On July 27, 2012, the FASB issued ASU 2012-02, Intangibles-Goodwill and Other (Topic 350) - Testing Indefinite-Lived Intangible Assets for Impairment. The ASU provides entities an option to first assess qualitative factors to determine whether events or circumstances indicate it is more likely than not that the indefinite-lived intangible asset is impaired. If an entity concludes it is more than 50% likely that an indefinite-lived intangible asset is not impaired, no further analysis is required. However, if an entity concludes otherwise, it would be required to determine the fair value of the indefinite-lived intangible asset to measure the amount of actual impairment, if any, as currently required under US GAAP. The ASU is effective for annual and interim impairment tests performed for fiscal years beginning after September 15, 2012. Early adoption is permitted.

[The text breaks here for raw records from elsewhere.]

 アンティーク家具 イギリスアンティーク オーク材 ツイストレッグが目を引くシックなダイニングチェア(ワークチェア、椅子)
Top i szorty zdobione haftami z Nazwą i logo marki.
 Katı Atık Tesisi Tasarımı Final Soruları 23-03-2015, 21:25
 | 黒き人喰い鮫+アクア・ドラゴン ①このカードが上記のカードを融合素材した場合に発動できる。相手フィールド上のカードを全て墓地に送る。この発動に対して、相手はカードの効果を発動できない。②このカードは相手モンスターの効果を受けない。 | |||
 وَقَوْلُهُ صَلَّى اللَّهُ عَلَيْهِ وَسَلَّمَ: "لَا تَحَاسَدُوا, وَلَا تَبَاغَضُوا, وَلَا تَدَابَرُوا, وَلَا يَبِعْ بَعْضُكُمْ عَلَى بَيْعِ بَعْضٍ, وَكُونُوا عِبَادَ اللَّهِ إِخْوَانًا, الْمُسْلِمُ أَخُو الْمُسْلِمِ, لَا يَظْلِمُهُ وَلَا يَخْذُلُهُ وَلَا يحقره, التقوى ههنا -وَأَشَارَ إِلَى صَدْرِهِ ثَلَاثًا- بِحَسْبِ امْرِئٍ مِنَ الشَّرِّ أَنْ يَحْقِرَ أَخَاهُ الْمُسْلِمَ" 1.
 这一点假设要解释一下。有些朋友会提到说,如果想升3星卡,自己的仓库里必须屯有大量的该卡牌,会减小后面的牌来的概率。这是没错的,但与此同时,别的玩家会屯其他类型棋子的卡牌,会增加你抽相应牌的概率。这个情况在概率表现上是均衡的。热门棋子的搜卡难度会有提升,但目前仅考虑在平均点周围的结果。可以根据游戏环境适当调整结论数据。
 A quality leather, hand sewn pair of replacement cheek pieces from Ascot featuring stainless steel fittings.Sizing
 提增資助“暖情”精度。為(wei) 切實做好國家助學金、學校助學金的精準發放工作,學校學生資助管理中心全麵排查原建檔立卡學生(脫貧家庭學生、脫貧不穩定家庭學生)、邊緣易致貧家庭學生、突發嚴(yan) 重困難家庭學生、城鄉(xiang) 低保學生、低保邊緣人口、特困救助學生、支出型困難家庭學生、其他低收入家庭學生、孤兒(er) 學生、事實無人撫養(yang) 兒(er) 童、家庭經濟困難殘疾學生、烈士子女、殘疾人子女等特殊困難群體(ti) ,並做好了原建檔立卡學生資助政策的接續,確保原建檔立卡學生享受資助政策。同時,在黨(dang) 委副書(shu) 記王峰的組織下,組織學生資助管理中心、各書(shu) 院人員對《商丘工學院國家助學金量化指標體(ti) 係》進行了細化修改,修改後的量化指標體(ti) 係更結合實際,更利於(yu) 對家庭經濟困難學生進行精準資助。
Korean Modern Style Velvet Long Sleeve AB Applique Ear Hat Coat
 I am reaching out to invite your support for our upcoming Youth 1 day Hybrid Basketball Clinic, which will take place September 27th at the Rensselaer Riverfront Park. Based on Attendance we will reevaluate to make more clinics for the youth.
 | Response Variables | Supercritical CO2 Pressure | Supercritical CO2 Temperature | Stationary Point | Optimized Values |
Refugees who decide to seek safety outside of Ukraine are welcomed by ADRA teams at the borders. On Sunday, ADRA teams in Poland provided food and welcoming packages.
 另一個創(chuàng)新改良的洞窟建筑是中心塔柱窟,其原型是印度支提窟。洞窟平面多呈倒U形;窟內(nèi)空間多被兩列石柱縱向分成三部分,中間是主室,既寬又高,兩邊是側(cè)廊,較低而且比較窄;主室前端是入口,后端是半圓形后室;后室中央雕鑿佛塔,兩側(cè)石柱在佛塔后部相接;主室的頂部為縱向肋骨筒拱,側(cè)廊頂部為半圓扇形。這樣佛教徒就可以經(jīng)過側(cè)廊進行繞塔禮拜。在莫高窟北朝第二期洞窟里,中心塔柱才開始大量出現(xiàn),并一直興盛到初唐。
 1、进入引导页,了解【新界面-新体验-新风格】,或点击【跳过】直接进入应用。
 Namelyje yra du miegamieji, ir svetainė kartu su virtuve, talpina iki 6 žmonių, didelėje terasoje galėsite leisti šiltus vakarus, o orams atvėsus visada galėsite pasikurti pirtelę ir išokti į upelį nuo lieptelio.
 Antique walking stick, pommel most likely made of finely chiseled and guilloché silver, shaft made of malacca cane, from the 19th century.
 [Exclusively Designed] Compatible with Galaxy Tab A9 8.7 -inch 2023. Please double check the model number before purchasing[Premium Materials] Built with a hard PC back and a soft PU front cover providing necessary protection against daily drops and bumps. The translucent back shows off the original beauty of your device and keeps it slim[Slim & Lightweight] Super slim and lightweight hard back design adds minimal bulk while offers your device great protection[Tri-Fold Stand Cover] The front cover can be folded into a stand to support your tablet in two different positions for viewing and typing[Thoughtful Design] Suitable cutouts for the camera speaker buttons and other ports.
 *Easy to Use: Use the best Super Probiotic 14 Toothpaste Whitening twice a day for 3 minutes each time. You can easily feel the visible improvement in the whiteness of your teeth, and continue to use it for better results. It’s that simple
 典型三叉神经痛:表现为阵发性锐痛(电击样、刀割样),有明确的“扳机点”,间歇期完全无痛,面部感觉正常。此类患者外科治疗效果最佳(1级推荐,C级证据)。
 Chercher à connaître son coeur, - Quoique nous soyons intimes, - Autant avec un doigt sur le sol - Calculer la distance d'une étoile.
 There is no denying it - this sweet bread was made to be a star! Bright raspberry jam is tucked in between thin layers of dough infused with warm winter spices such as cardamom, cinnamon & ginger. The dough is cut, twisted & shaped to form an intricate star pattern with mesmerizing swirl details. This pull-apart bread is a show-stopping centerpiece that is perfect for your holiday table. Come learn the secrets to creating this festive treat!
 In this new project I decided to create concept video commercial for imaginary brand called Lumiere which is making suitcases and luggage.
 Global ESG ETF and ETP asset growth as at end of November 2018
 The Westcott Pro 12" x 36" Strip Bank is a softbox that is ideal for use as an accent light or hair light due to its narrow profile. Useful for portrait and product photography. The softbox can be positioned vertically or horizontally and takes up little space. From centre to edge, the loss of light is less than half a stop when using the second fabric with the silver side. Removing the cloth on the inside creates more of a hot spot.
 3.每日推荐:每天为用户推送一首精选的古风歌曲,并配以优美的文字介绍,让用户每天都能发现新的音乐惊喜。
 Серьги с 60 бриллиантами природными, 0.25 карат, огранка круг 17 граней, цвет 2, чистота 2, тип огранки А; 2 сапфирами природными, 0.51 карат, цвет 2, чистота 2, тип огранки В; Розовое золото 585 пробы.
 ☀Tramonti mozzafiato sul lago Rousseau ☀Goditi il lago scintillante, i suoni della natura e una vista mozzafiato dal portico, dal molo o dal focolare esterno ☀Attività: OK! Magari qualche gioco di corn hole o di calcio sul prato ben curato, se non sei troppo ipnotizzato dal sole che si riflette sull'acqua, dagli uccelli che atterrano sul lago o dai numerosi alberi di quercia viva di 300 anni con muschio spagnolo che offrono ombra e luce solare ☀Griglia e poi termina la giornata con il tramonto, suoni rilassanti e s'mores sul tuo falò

The adoption of this pronouncement will not have a material impact on these financial statements.

In February 2013, the FASB issued ASU 2013-02 which requires additional disclosures regarding the reporting of reclassifications out of accumulated other comprehensive income. ASU 2013-02 requires an entity to present, either on the face of the statement where net income is presented or in the notes, significant amounts reclassified out of accumulated other comprehensive income by the respective line items of net income but only if the amount reclassified is required under GAAP to be reclassified to net income in its entirety in the same reporting period. This guidance is effective for reporting periods beginning after December 15, 2012.

Refer to the notes to the financial statements in our Annual Report on Form 10-K for the year ending July 31, 2012 for a complete description of recent accounting standards which we have not yet been required to implement and may be applicable to our operation, as well as those significant accounting standards that have been adopted.

Off-Balance Sheet Arrangements

As of April 30, 2013 we did not have any off-balance sheet arrangements as defined in Item 303(a)(4)(ii) of Regulation S-K.